Bernhart: Zunächst der Ölpreis: Stellen Sie sich vor, zum Beispiel die US-Regierung fördert die neue Fracking-Technik massiv und stabilisiert so den Ölpreis. Der Kostennachteil alternativer Autoantriebe bliebe dann erhalten. Die zweite Frage ist: Wie sicher sind die in Autos eingesetzten Lithium-Ionen-Batterien? Sollte es zu weiteren Batteriebränden in Testwagen oder Flugzeugen kommen, würden die Kunden das noch nicht richtig gewonnene Vertrauen schon wieder verlieren.
mm: Und dann ist da noch die Frage, wo die Elektromobilisten ihre Batterien überhaupt auftanken sollen, wenn sie nicht gerade in der heimischen Garage geparkt haben ...
Bernhart: ... genau, das ist Joker Nummer drei. Zwar gibt es bereits Ladesäulen. Sie sind auch technisch gut und bezahlbar. Aber die Hersteller müssten sich dringend auf ein einheitliches System einigen.
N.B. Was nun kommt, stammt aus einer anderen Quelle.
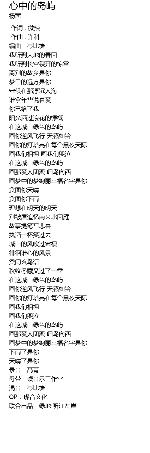| [02:50.19] | 在这城市绿色的岛屿 |
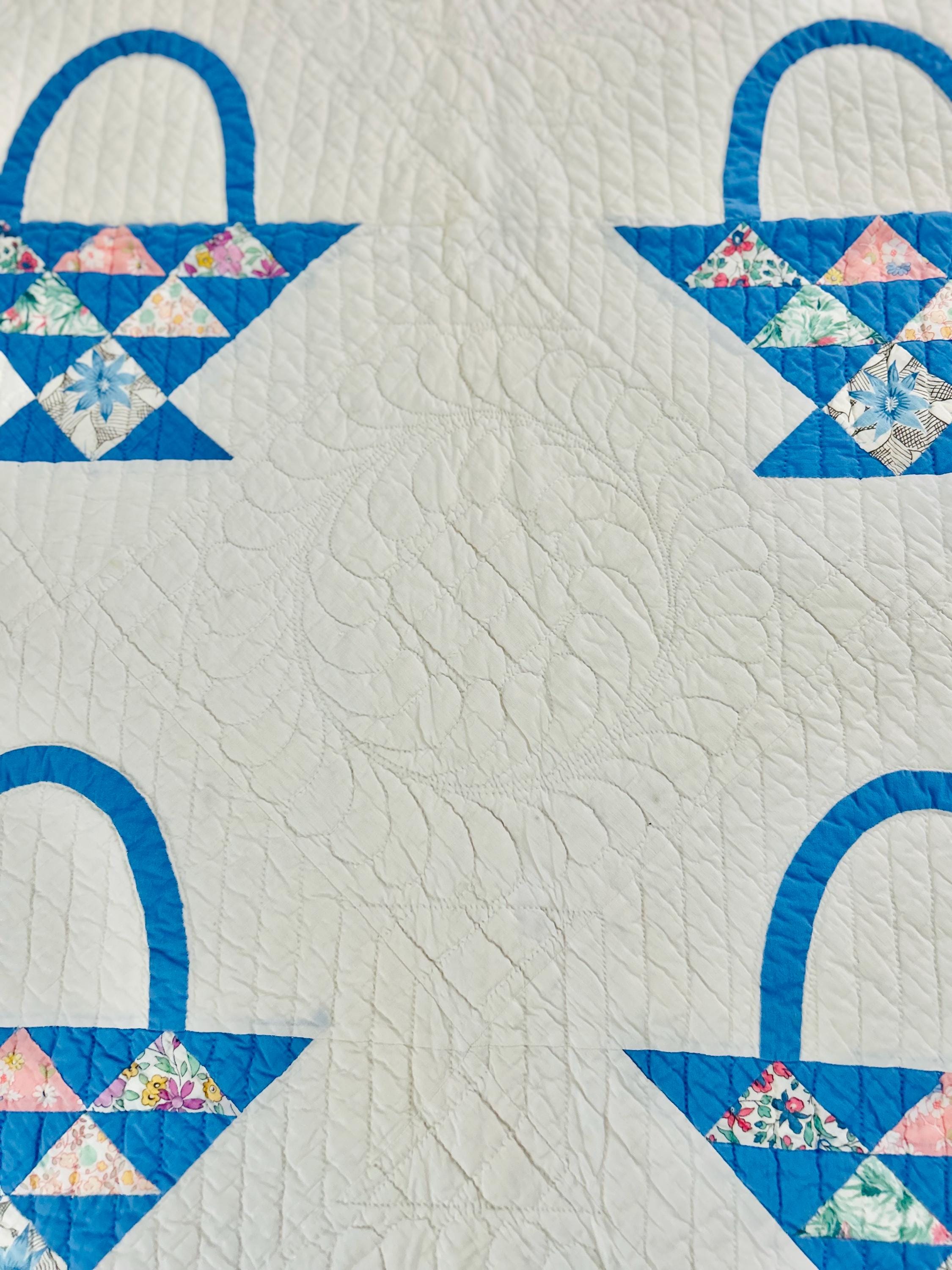 Details: • Era: Circa 1930s–early 1940s • Construction: Hand pieced & hand quilted • Size: 78" x 96" • Fabrics: Depression-era floral cottons • Color scheme: White ground with blue accents • Condition: Excellent vintage condition • Design: Basket Quilt

Was nützt es, wenn Deutschland, Frankreich, China und Südkorea ihre Ziele klar formulieren, sich aber nicht auf ein gemeinsames Vorgehen einigen? So bleibt es schwierig: Hohe Planungsunsicherheit und lange Amortisationsphasen sind nicht die besten Voraussetzungen dafür, viel Geld in ein einigermaßen dichtes Netz von Ladestationen zu investieren.